In the coming weeks, the Supreme Court could rule that only customers in state-run Obamacare marketplaces are eligible for federal subsidies.
If the court does agree with the plaintiffs in King v. Burwell, it could make the health care coverage unaffordable for millions. The ruling could effectively upend the entire health care law, creating an even bigger rift between the mostly-blue states that have embraced aspects of Obamacare and the red states that haven't.
However, more than two dozen Democrats and Republicans told the New York Times that this is never what they intended.
"It was never part of our conversations at any point," said former Sen. Olympia Snowe, a Maine Republican who helped draft the law as part of the Senate Finance Committee. "Why would we have wanted to deny people subsidies?"
The King v. Burwell case rests on the interpretation of one sentence in the Affordable Care Act: Section 1311 of the law says the federal government will give subsidies to eligible consumers who buy insurance from an exchange "established by the State."
The conservative plaintiffs argue that Congress explicitly denied subsidies to any customers who buy insurance on the federally-run marketplace. If that's case, as many as 7.5 million Americans could lose access to subsidies.
Congressional intent is one major factor that the Supreme Court will consider in this case, and the Times' reporting gives the latest confirmation that Congress never intended to deny subsidies to any customers. The Democrats and Republicans interviewed "described the words as 'inadvertent,' 'inartful' or 'a drafting error,'" the Times' Robert Pear wrote. "But none supported the contention of the plaintiffs."
Before the Supreme Court agreed to consider this case, seven high-ranking Democrats who helped craft Obamacare, as well as dozens of state lawmakers, filed a brief with the court to explain the true intent of the law. "The purpose of the tax credit provision was to facilitate access to affordable insurance through the Exchanges--not, as Appellants would have it, to incentivize the establishment of state Exchanges above all else, and certainly not to thwart Congress's fundamental purpose of making insurance affordable for all Americans," they wrote.
Additionally, congressional staffers who helped draft the law told the Washington Post last year that there was no intent to deny subsidies to federal Obamacare shoppers.
The origins of the phrase "established by the State" appears to lie in the merging of two different drafts of the bill -- one written by the Senate Finance Committee and one written by the Senate Health, Education, Labor and Pensions (HELP) Committee.
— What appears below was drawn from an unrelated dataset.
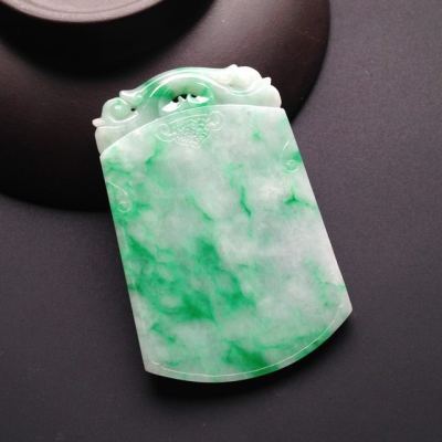 糯冰种阳绿 无事牌翡翠吊坠 尺寸52-34-3毫米

The HELP Committee's draft clearly allowed the distribution of subsidies in states that relied on the federal marketplace. The Finance Committee's draft did not. Conservatives argue that Congress, in its final version, must have deliberately omitted the HELP Committee's endorsement of nationwide subsidies.
When then-Senate Majority Leader Harry Reid, D-Nevada, merged the two bills, he left out a key line from the HELP Committee's bill, which clarified that the federal marketplace "shall be deemed to be a participating state." However, the Times reports that the omission wasn't intentional.
"I remember meeting after meeting in which we went through the language of the legislation line by line," Robert D. Greenawalt, who worked as a senior tax adviser to Reid, told the Times. "I do not recall any discussion of a distinction between federal and state exchanges for the purpose of subsidies."